A operação cumpre sete mandados de prisão preventiva e 17 mandados de busca e apreensão nos estados de São Paulo, Rio de Janeiro e Minas Gerais. As ordens foram expedidas pelo Supremo Tribunal Federal.

Segundo a PF, a investigação aponta para um esquema estruturado que utilizava intimidação, corrupção e acesso ilegal a sistemas para obtenção de vantagens.
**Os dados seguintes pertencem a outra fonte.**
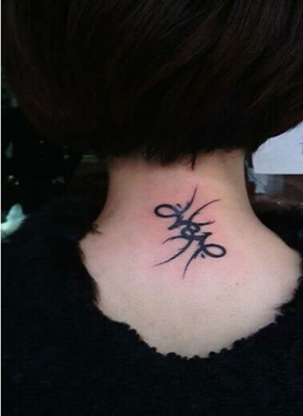 后颈部纹身小图--9张女生脖子后颈处的简约纹身图案

Os crimes investigados incluem ameaça, corrupção, lavagem de dinheiro, organização criminosa, violação de sigilo funcional e invasão de dispositivos informáticos.

O avanço da Compliance Zero

A operação vem se desdobrando desde março e já acumula números expressivos:

  • 96 mandados de busca e apreensão cumpridos nas quatro primeiras fases
  • Ações em seis estados: Bahia, Distrito Federal, Minas Gerais, Rio de Janeiro, Rio Grande do Sul e São Paulo
  • Bloqueio de bens de suspeitos que pode chegar a R$ 27,7 bilhões
  • Prisões preventivas de figuras centrais do esquema, como o ex-presidente do BRB, Paulo Henrique Costa, e o advogado Daniel Monteiro, apontado como operador jurídico-financeiro do grupo

Na 5ª fase, deflagrada no dia 7, a PF cumpriu mandados contra investigados ligados ao senador Ciro Nogueira (PP-PI), ex-ministro da Casa Civil.

Contexto e relevância para o público

A Operação Compliance Zero se tornou uma das maiores investigações financeiras em curso no país, atingindo empresários, agentes públicos e operadores do mercado financeiro. O caso tem repercussão nacional por envolver suspeitas de corrupção sistêmica e movimentações bilionárias.

Para Goiás e cidades como Anápolis, onde o setor financeiro e logístico tem forte presença, operações desse porte reforçam a importância da fiscalização e da transparência nas relações entre agentes públicos e privados.